Муре не понравился Бернард Александер, когда Таня представила его ей. «Он умный, – сказала дочери Мура, – но он не для тебя. У него холодный аналитический ум юриста и темперамент, слишком отличающийся от твоего»[756]. Бернард недавно получил квалификацию барристера и был сыном текстильного магната. Влюбившись в Таню в Лондоне, он поехал за ней в Таллин и провел с ней отпуск в Каллиярве. Сначала Тане он не понравился. Он придерживался правых взглядов, был строгим католиком, сдержанным и, как заметила Мура, холодным, бесстрастным мыслителем[757]. Друзьям Тани он тоже не понравился. Но он в такой же степени интриговал ее, в какой выводил из себя, и в нем были скрыты глубокие романтические чувства. Продемонстрировав то же неблагоразумие, что и ее мать, Таня влюбилась[758].
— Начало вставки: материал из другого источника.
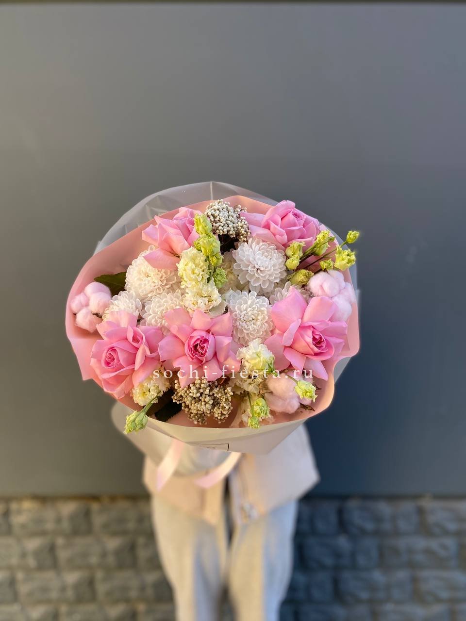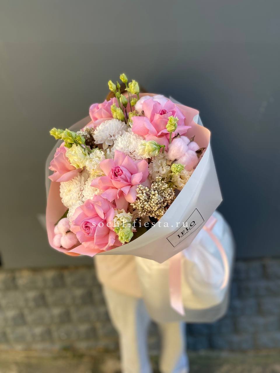 розовые розы, сирень, эвкалипт, лента, авторское оформление.

Уэллс давно уже оставил всякую надежду, что Мура выйдет за него замуж или хотя бы задумается о том, чтобы жить с ним вместе. На самом деле это стало предметом шуток между ними. Отправившись в свою единственную поездку в Австралию зимой 1938/39 г., он написал ей: «Дорогая Мура, любимая Мура, не забудь, что ты принадлежишь мне».[759] Он рассказал ей, что австралийцы оказались совсем не такими, какими он ожидал их увидеть, – никаких походных котелков, кенгуру или кенгуру-валлаби нет и в помине. Люди там вставали рано, около 6:30, и ложились спать в 22:30. «Для Муры нет места, – прокомментировал он. – А ты хорошо себя ведешь для Муры? И ты все больше и больше худеешь?»[760] Ответом на оба эти вопроса, вполне вероятно, было выразительное «нет».
То последнее мирное лето Мура провела в Каллиярве с Полом и Таней. Именно здесь, в блаженной обстановке Йенделя, двадцать два года назад она провела то другое золотое лето, когда они плавали и резвились с Мериэл, Кроуми и Гарстино и остальными гостями, когда Петроград бурлил и грозил революцией. Теперь все было иначе. Дети выросли. За Таней ухаживал Бернард. Мура давно уже стала зрелой женщиной. И Мики уже не было с ними. Самый старый и дорогой друг, ее вторая и любимая мама заболела и умерла в начале этого года. За последние двадцать лет Мики стала олицетворением Йенделя в мыслях детей – целью их приездов. Но когда она умерла, все они находились в Лондоне, не имея возможности быть с ней. «В день ее смерти, – как потом вспоминала Таня, – мы с мамой постоянно говорили по телефону с Эстонией и рыдали в трубку»[761].